* Instructions to follow
Only one stretch of the data should be retyped: the lines from the line containing "Ce kit est prévu" through the line containing "A homeless American". Keep pictures out of it.

* Provided data
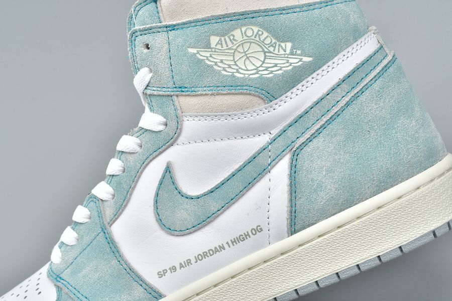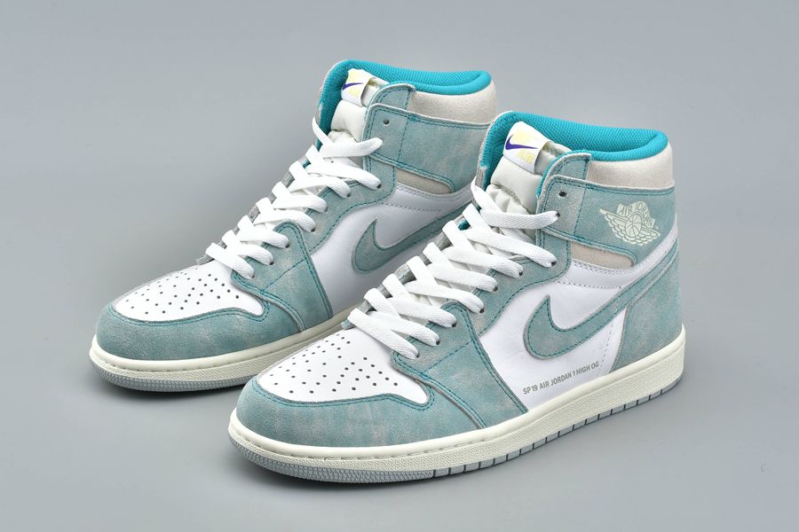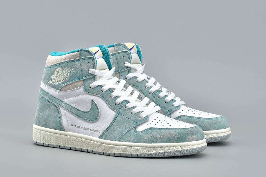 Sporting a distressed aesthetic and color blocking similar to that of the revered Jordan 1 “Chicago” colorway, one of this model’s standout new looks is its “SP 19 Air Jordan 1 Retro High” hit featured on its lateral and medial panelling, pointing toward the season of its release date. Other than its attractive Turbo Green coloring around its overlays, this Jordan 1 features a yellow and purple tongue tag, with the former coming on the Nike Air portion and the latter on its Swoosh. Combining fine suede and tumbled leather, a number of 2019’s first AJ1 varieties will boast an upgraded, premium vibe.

...

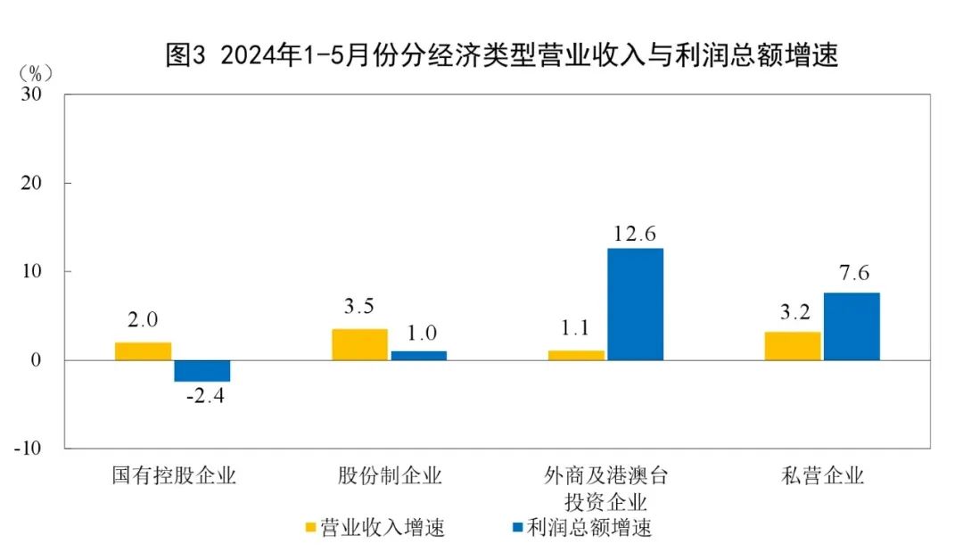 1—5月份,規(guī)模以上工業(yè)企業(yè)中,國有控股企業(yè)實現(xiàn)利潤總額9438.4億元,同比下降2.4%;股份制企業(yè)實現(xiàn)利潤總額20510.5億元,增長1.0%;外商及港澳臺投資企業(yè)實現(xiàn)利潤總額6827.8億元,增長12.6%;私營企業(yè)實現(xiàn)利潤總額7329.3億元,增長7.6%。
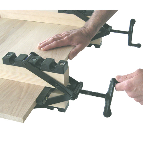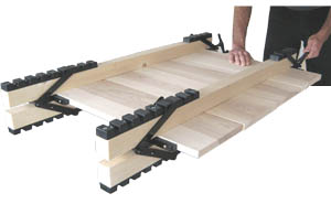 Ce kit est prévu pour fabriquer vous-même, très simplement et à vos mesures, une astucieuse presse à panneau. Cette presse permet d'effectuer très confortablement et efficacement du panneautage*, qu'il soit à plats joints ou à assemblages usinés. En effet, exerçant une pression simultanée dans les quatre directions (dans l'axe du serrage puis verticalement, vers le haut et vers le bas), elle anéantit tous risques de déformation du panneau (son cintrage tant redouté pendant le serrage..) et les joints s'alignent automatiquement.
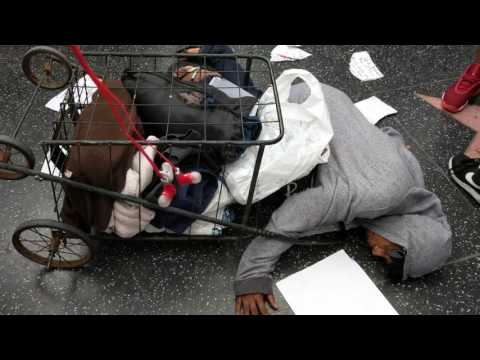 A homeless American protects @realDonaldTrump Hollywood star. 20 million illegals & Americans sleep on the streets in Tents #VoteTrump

* Result for this task
 Ce kit est prévu pour fabriquer vous-même, très simplement et à vos mesures, une astucieuse presse à panneau. Cette presse permet d'effectuer très confortablement et efficacement du panneautage*, qu'il soit à plats joints ou à assemblages usinés. En effet, exerçant une pression simultanée dans les quatre directions (dans l'axe du serrage puis verticalement, vers le haut et vers le bas), elle anéantit tous risques de déformation du panneau (son cintrage tant redouté pendant le serrage..) et les joints s'alignent automatiquement.
 A homeless American protects @realDonaldTrump Hollywood star. 20 million illegals & Americans sleep on the streets in Tents #VoteTrump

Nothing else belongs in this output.